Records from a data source
━━━━━━━━━━━━━━━━
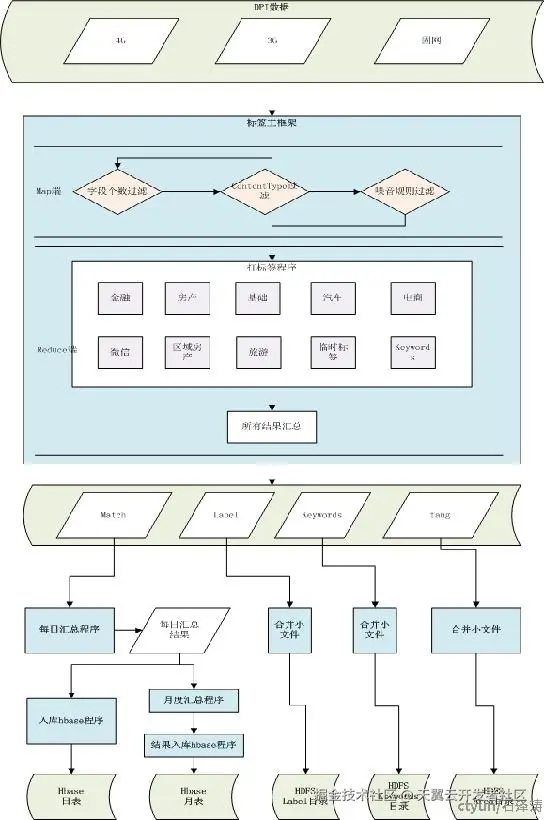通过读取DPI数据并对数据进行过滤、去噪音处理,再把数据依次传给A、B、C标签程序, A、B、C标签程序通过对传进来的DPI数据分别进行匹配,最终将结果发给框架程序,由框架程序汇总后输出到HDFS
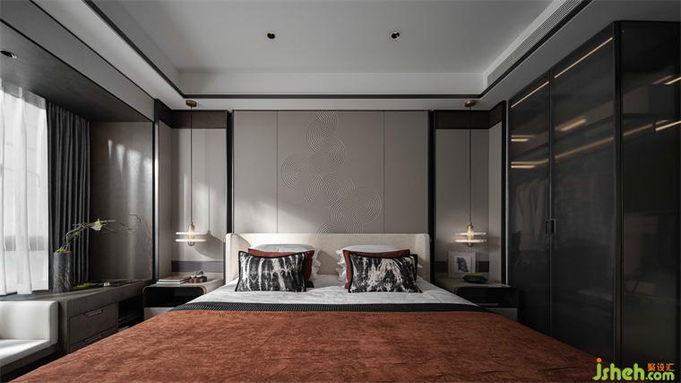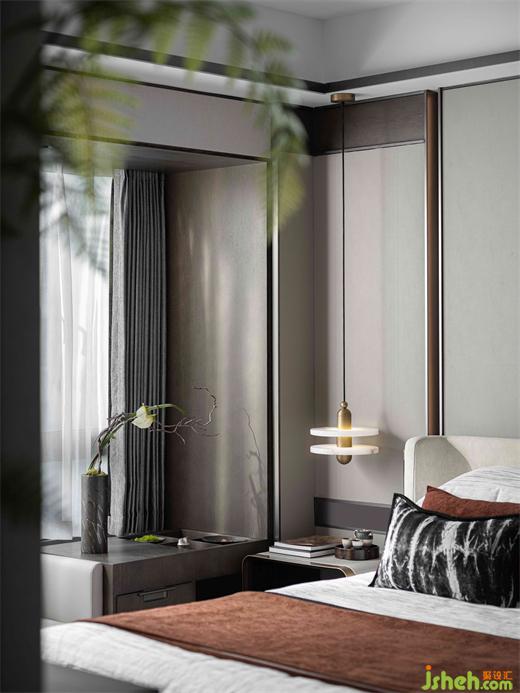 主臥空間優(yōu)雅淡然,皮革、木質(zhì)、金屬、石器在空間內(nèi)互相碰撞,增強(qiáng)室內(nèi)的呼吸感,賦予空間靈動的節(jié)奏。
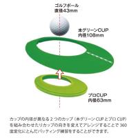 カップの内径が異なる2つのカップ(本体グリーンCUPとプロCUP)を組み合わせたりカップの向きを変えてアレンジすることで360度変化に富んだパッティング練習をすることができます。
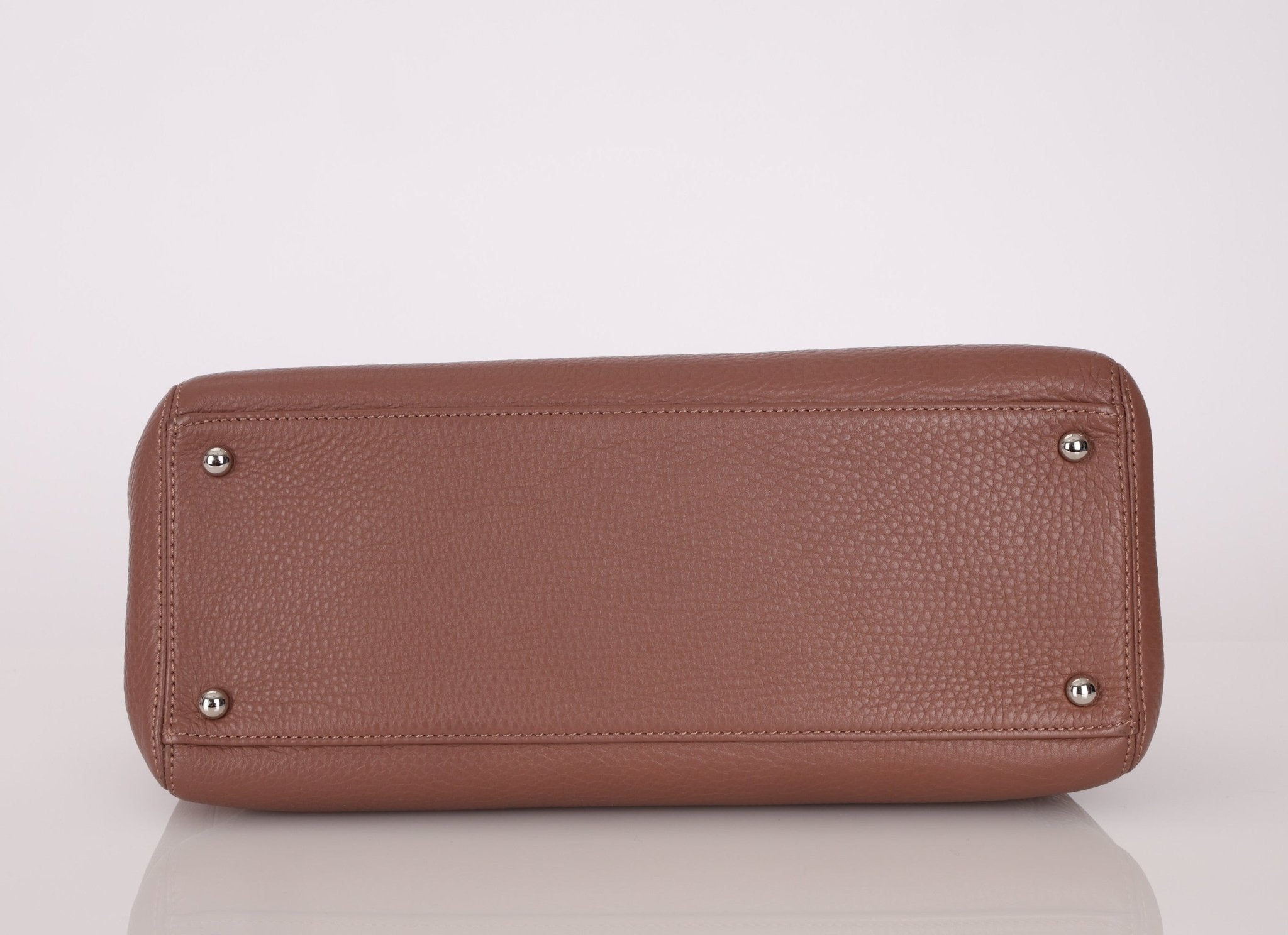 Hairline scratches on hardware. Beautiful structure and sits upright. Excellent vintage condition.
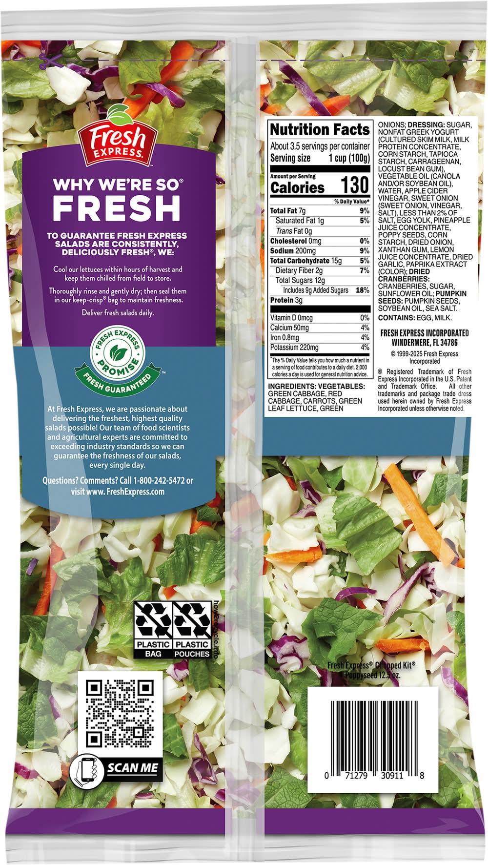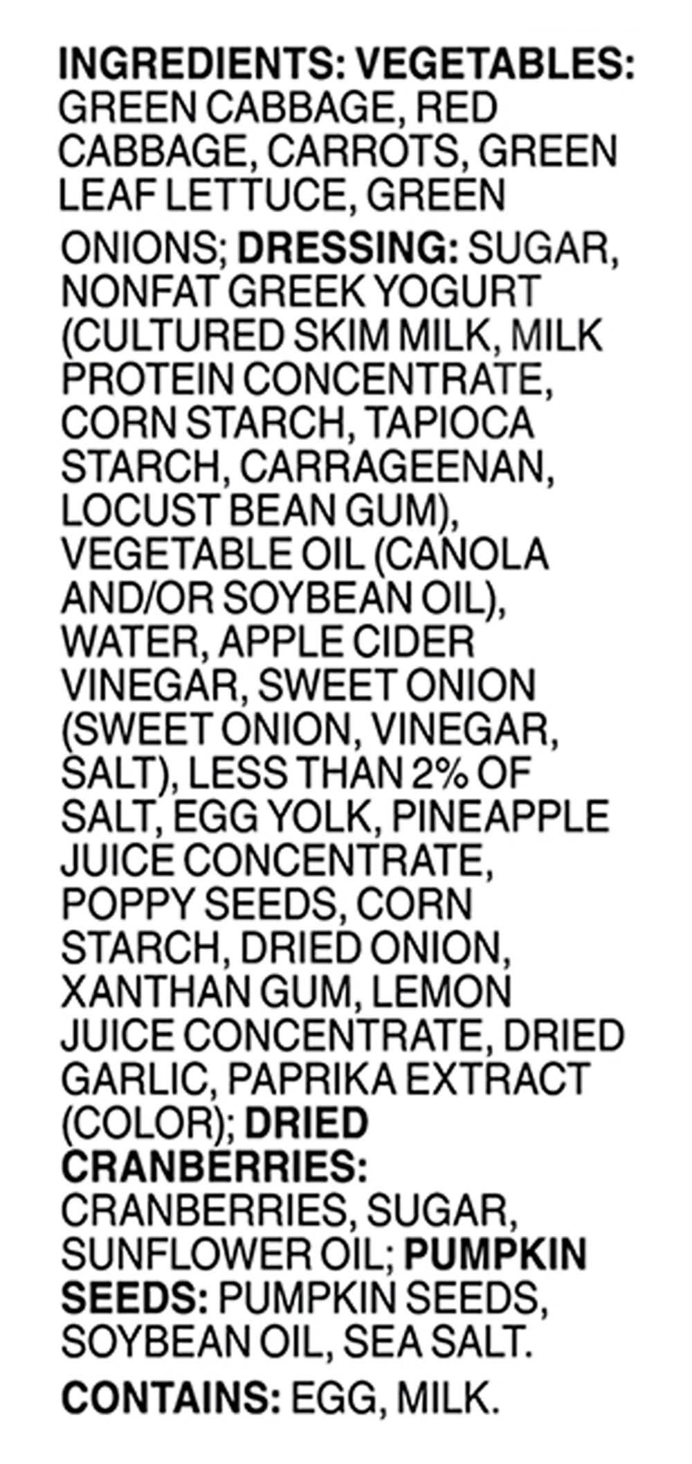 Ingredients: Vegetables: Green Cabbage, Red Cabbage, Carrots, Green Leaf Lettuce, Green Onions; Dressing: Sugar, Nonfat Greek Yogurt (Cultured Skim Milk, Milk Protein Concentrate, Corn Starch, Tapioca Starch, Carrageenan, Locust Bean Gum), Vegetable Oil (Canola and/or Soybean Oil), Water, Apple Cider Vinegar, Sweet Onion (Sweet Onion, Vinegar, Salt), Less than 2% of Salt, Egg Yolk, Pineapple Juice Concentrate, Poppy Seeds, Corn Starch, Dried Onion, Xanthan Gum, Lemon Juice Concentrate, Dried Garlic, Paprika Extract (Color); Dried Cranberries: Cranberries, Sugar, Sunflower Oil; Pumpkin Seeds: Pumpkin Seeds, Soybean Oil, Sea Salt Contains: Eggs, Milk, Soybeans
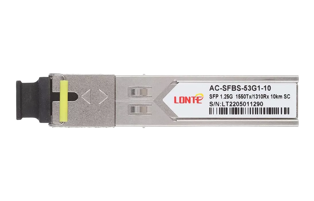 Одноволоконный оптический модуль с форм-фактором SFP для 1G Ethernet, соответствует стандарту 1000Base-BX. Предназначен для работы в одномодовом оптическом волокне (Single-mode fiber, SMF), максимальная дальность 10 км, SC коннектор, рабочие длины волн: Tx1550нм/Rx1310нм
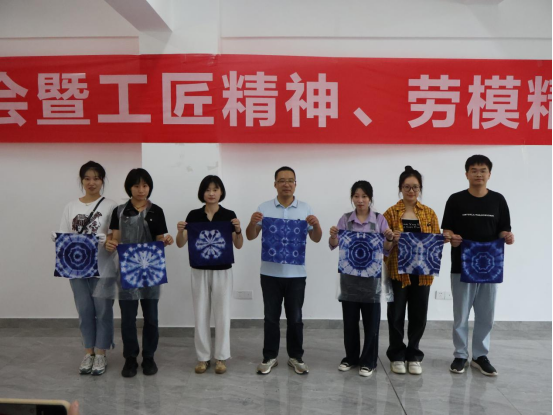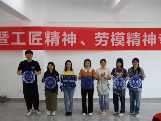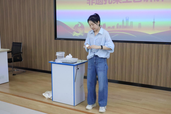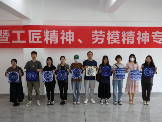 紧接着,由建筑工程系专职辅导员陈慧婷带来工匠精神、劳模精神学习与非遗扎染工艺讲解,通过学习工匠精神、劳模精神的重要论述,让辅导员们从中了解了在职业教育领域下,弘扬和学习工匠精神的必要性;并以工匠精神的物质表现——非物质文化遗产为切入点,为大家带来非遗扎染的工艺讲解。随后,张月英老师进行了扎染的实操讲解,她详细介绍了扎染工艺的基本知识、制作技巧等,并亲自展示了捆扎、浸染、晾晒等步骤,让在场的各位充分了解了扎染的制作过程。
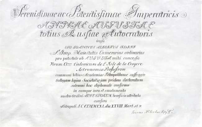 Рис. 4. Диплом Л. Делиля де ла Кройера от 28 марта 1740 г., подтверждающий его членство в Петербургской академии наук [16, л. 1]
━━━━━━━━━━━━━━━━
INSTRUCTIONS FOR THE TASK: Using the entries above, transcribe exactly from the line that has "Одноволоконный оптический модуль" through the line that has "紧接着,由建筑工程系专职辅导". Pictures are dropped.

YOUR SOLUTION:
 Одноволоконный оптический модуль с форм-фактором SFP для 1G Ethernet, соответствует стандарту 1000Base-BX. Предназначен для работы в одномодовом оптическом волокне (Single-mode fiber, SMF), максимальная дальность 10 км, SC коннектор, рабочие длины волн: Tx1550нм/Rx1310нм
 紧接着,由建筑工程系专职辅导员陈慧婷带来工匠精神、劳模精神学习与非遗扎染工艺讲解,通过学习工匠精神、劳模精神的重要论述,让辅导员们从中了解了在职业教育领域下,弘扬和学习工匠精神的必要性;并以工匠精神的物质表现——非物质文化遗产为切入点,为大家带来非遗扎染的工艺讲解。随后,张月英老师进行了扎染的实操讲解,她详细介绍了扎染工艺的基本知识、制作技巧等,并亲自展示了捆扎、浸染、晾晒等步骤,让在场的各位充分了解了扎染的制作过程。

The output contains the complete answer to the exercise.